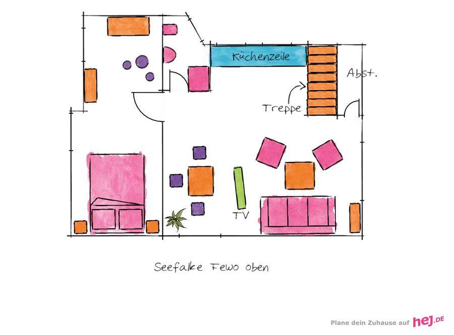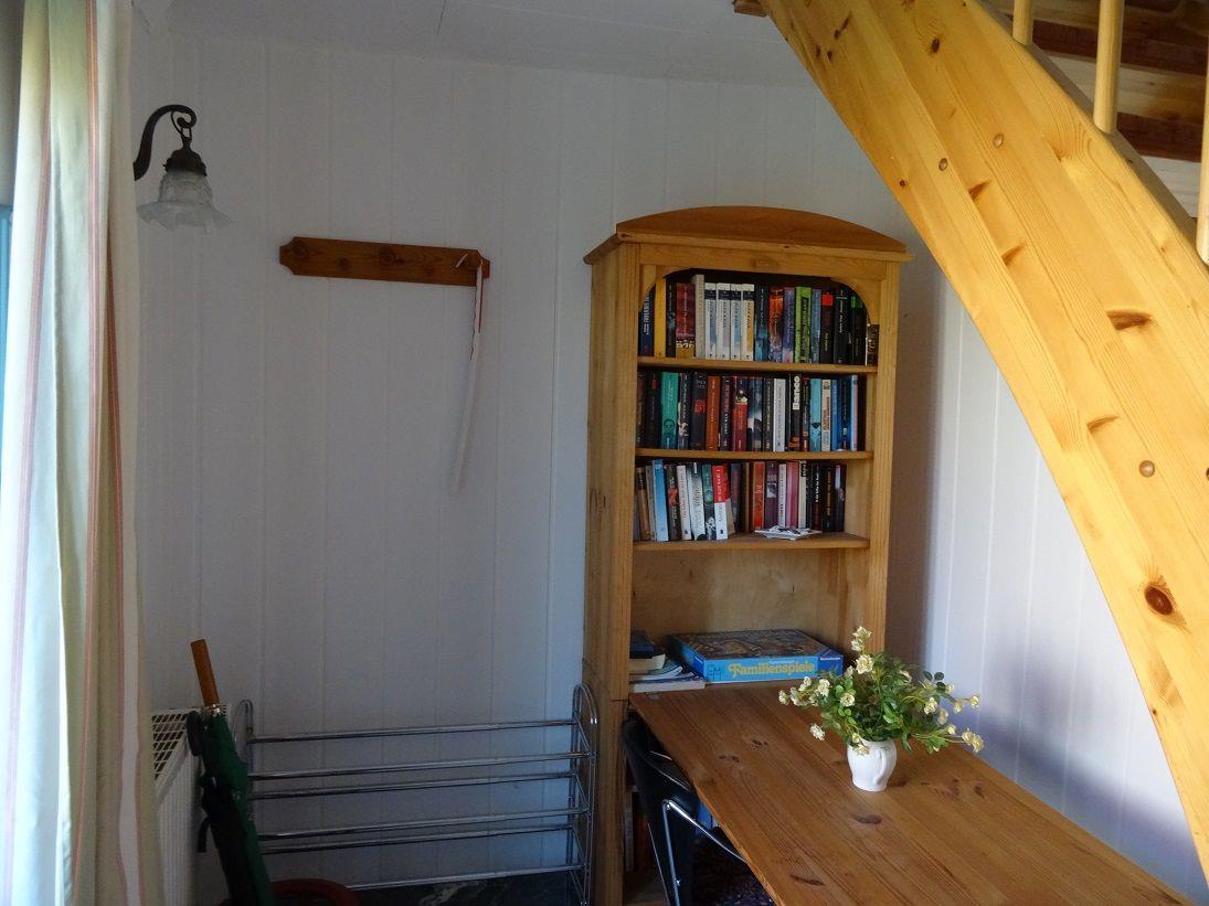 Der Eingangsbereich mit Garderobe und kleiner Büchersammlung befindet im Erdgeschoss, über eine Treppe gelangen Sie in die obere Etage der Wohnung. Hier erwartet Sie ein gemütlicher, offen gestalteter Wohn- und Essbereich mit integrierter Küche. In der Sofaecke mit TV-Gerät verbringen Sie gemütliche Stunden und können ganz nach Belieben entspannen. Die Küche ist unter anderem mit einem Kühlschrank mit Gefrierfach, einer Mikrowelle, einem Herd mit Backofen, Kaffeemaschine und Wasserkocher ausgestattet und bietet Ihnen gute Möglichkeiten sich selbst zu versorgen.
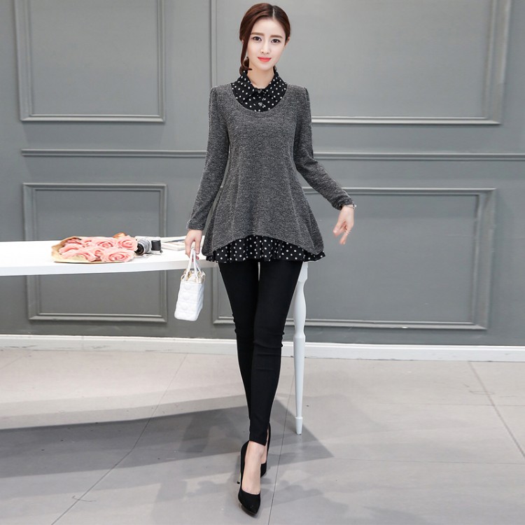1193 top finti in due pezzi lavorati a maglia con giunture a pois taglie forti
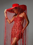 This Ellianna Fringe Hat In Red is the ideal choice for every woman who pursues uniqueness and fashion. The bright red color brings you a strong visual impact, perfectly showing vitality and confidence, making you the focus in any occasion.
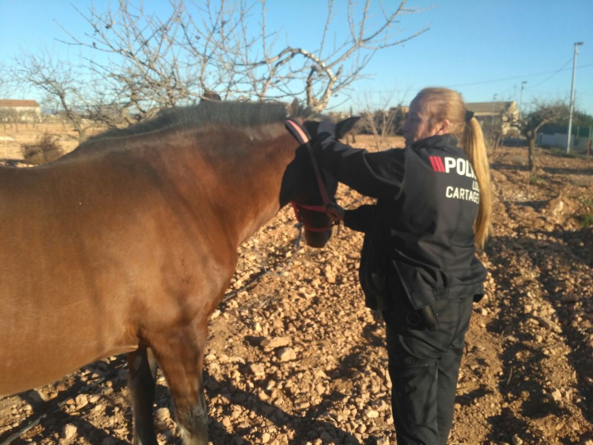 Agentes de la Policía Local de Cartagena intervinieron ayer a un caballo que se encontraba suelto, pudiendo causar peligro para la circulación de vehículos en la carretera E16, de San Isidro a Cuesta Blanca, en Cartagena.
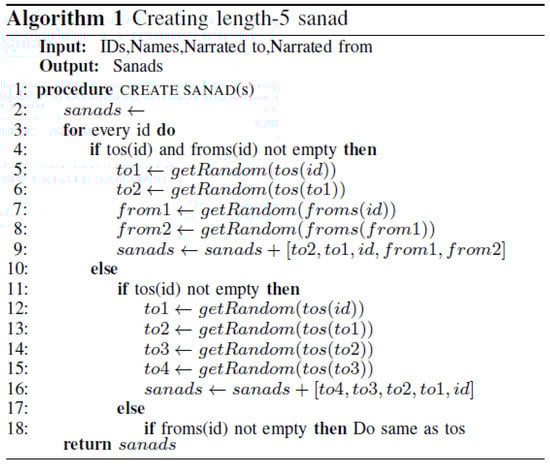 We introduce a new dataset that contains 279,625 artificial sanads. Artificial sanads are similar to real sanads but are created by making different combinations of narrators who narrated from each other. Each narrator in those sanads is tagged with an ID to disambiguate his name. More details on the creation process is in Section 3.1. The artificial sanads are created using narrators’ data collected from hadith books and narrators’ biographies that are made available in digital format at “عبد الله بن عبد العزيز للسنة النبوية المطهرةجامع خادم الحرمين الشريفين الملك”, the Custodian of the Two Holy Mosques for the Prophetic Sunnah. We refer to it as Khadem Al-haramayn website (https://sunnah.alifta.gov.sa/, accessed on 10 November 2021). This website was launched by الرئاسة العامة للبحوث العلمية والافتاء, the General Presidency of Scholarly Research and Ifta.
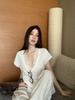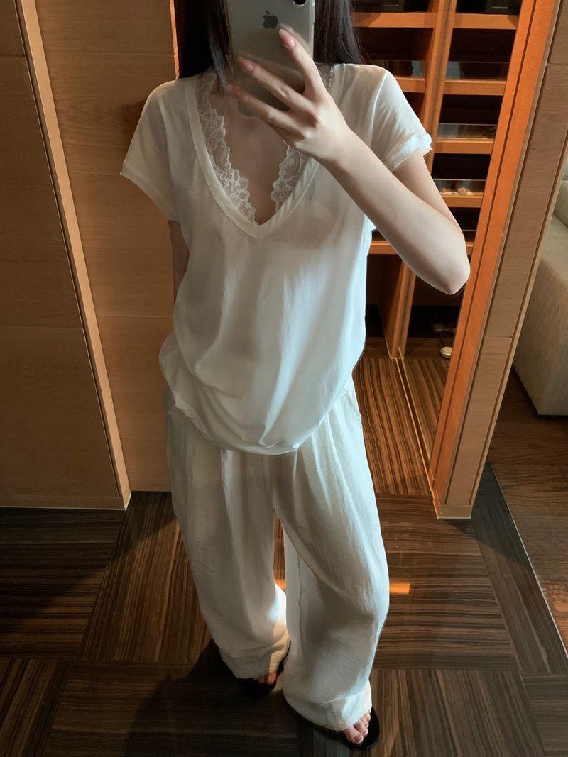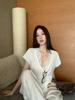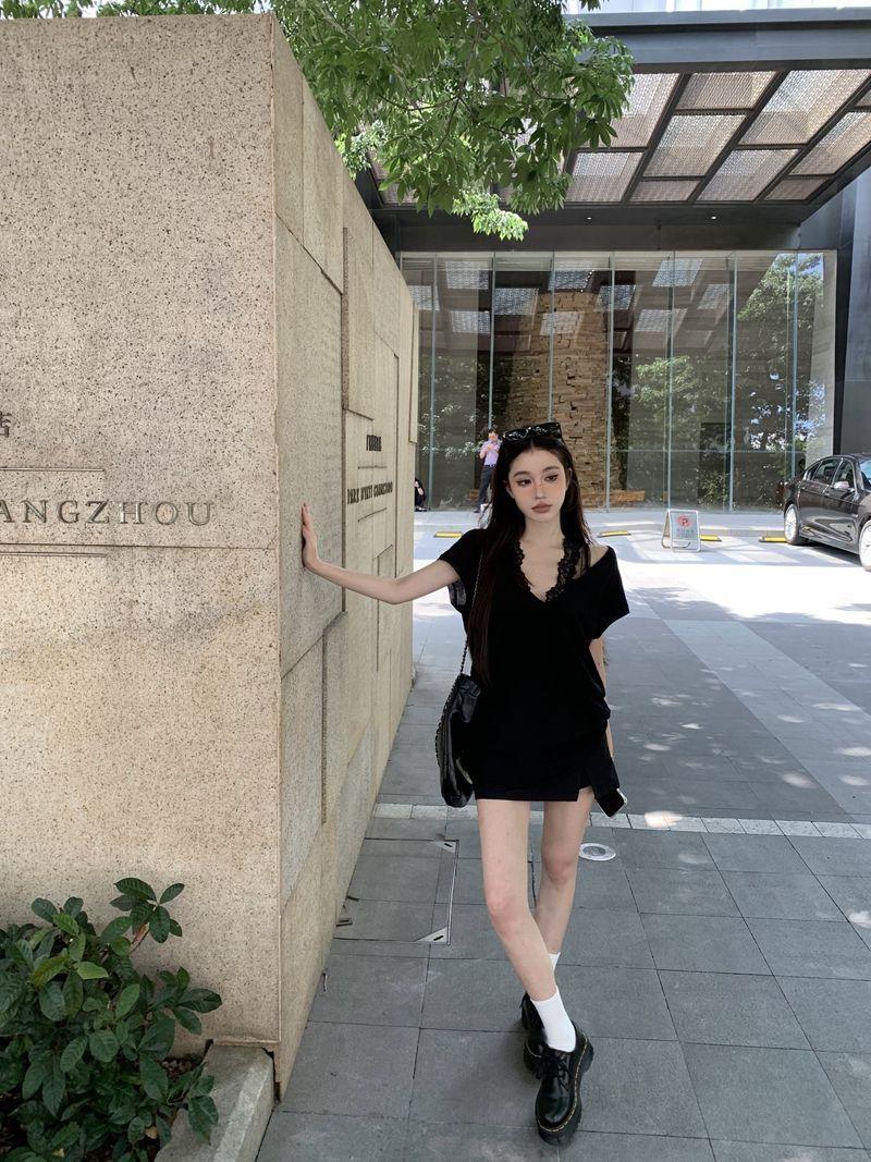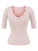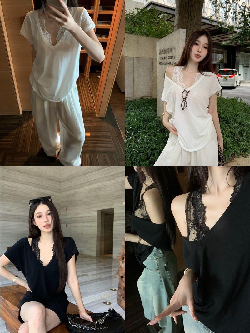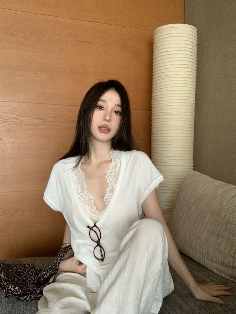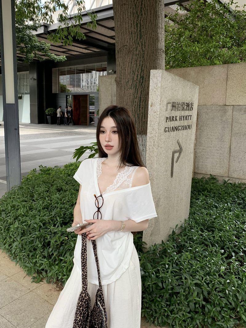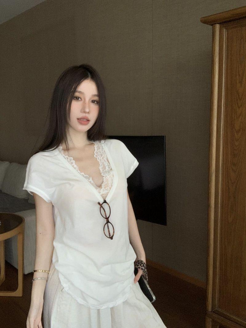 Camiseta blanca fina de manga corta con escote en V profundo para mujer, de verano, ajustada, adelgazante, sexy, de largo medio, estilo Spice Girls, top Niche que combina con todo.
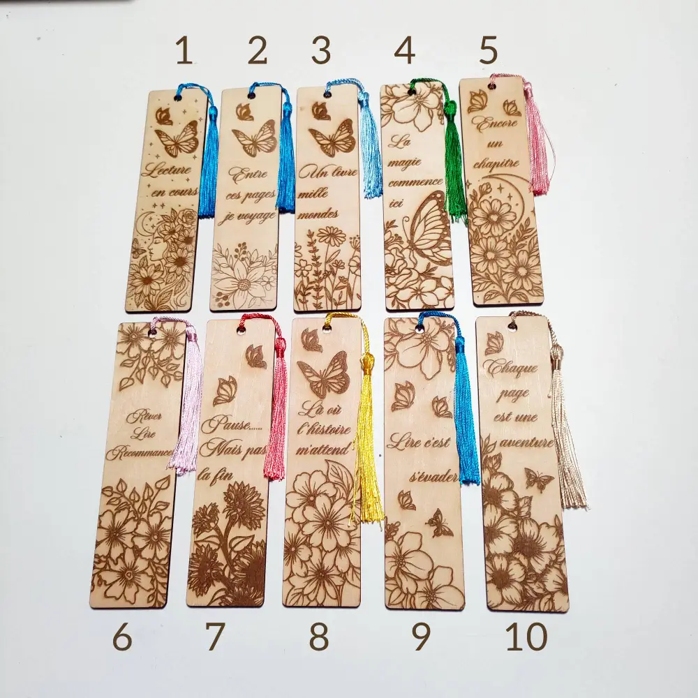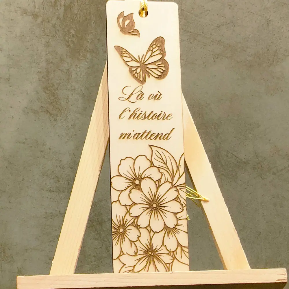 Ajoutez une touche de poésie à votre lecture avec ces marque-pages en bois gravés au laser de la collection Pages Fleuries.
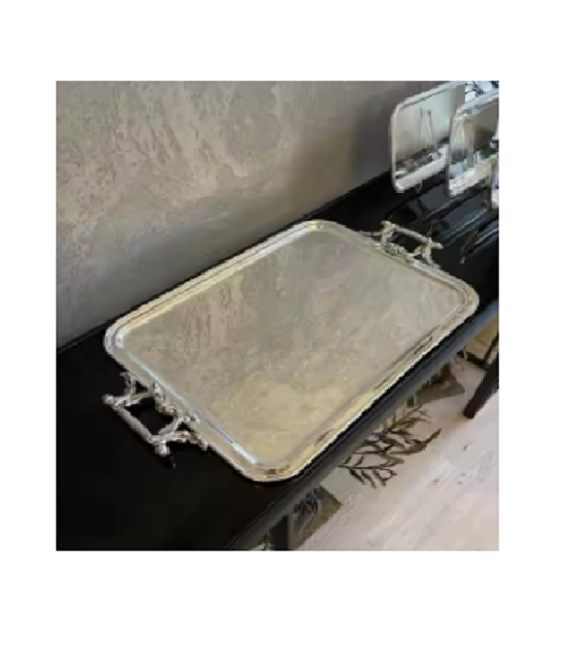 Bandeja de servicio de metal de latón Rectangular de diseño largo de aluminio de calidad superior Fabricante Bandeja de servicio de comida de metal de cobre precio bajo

......

In the listing above, find the line with "1193 top finti" and the line with "This Ellianna Fringe". Set down both and every line between them, minus the pictures.

1193 top finti in due pezzi lavorati a maglia con giunture a pois taglie forti
 This Ellianna Fringe Hat In Red is the ideal choice for every woman who pursues uniqueness and fashion. The bright red color brings you a strong visual impact, perfectly showing vitality and confidence, making you the focus in any occasion.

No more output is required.